In testing an object detection algorithm in large images, we check our detected bounding boxes against the coordinates given for the ground truth rectangles.

According to the Pascal VOC challenges, there's this:

A predicted bounding box is considered correct if it overlaps more than 50% with a ground-truth bounding box, otherwise the bounding box is considered a false positive detection. Multiple detections are penalized. If a system predicts several bounding boxes that overlap with a single ground-truth bounding box, only one prediction is considered correct, the others are considered false positives.

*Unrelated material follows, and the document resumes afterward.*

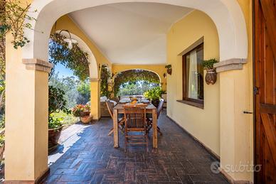Rif 1007-450 Proponiamo in vendita una villa indipendente situata in località Sa Conca Arrubia, sulle colline all'ingresso di Villasimius. La zona è particolarmente panoramica e immersa nella natura mediterranea, ideale per chi desidera vivere in un contesto rilassato e riservato, lontano dal caos, godendo al tempo stesso della tranquillità e di una splendida vista aperta sulla valle circostante. Sa Conca Arrubia si trova a pochi minuti di auto dal centro di Villasimius e dalle spiagge più rinomate della zona, tra cui Simius, Porto Sa Ruxi e Campus, permettendo così di coniugare facilmente la tranquillità della natura con la vicinanza al mare. La proprietà si sviluppa all'interno di un lotto di circa 6.000 mq, ricco di macchia mediterranea e posizionato in un contesto panoramico di grande fascino. La villa è disposta interamente su un unico livello e si compone di una luminosa zona giorno con angolo cottura riservato, mentre il soggiorno si affaccia su un ampio loggiato, perfetto per pranzi e cene all'aperto durante la bella stagione. La zona notte comprende tre camere da letto, tutte arredate con letti matrimoniali, e due bagni. Completa la proprietà una terrazza panoramica sovrastante di circa 40 mq, ideale come ulteriore spazio di relax, oltre a un pratico ripostiglio per gli attrezzi. All'esterno è inoltre presente una comoda area barbecue attrezzata, perfetta per momenti conviviali immersi nella natura. La villa presenta rifiniture rustiche di grande carattere, perfettamente integrate con l'ambiente circostante: pavimenti in cotto, arredi in muratura e in legno massello, e camminamenti in pietra a vista che circondano la casa, contribuendo a creare un'atmosfera armoniosa e accogliente. L'immobile si presenta in ottime condizioni, pronto per essere abitato oppure destinato alla locazione turistica. Può ospitare comodamente fino a sei persone ed è dotato di ambienti climatizzati, oltre a un camino nel soggiorno, ideale per rendere la casa confortevole anche nei m

This means that we need to calculate the percentage of overlap. Does this mean that the ground truth box is 50% covered by the detected boundary box? Or that 50% of the bounding box is absorbed by the ground truth box?

I've searched but I haven't found a standard algorithm for this - which is surprising because I would have thought that this is something pretty common in computer vision. (I'm new to it). Have I missed it? Does anyone know what the standard algorithm is for this type of problem?

Epoxy answered 17/8, 2014 at 12:28 Comment(0)
E
101

For axis-aligned bounding boxes it is relatively simple. "Axis-aligned" means that the bounding box isn't rotated; or in other words that the boxes lines are parallel to the axes. Here's how to calculate the IoU of two axis-aligned bounding boxes.

def get_iou(bb1, bb2):
    """
    Calculate the Intersection over Union (IoU) of two bounding boxes.

    Parameters
    ----------
    bb1 : dict
        Keys: {'x1', 'x2', 'y1', 'y2'}
        The (x1, y1) position is at the top left corner,
        the (x2, y2) position is at the bottom right corner
    bb2 : dict
        Keys: {'x1', 'x2', 'y1', 'y2'}
        The (x, y) position is at the top left corner,
        the (x2, y2) position is at the bottom right corner

    Returns
    -------
    float
        in [0, 1]
    """
    assert bb1['x1'] < bb1['x2']
    assert bb1['y1'] < bb1['y2']
    assert bb2['x1'] < bb2['x2']
    assert bb2['y1'] < bb2['y2']

    # determine the coordinates of the intersection rectangle
    x_left = max(bb1['x1'], bb2['x1'])
    y_top = max(bb1['y1'], bb2['y1'])
    x_right = min(bb1['x2'], bb2['x2'])
    y_bottom = min(bb1['y2'], bb2['y2'])

    if x_right < x_left or y_bottom < y_top:
        return 0.0

    # The intersection of two axis-aligned bounding boxes is always an
    # axis-aligned bounding box
    intersection_area = (x_right - x_left) * (y_bottom - y_top)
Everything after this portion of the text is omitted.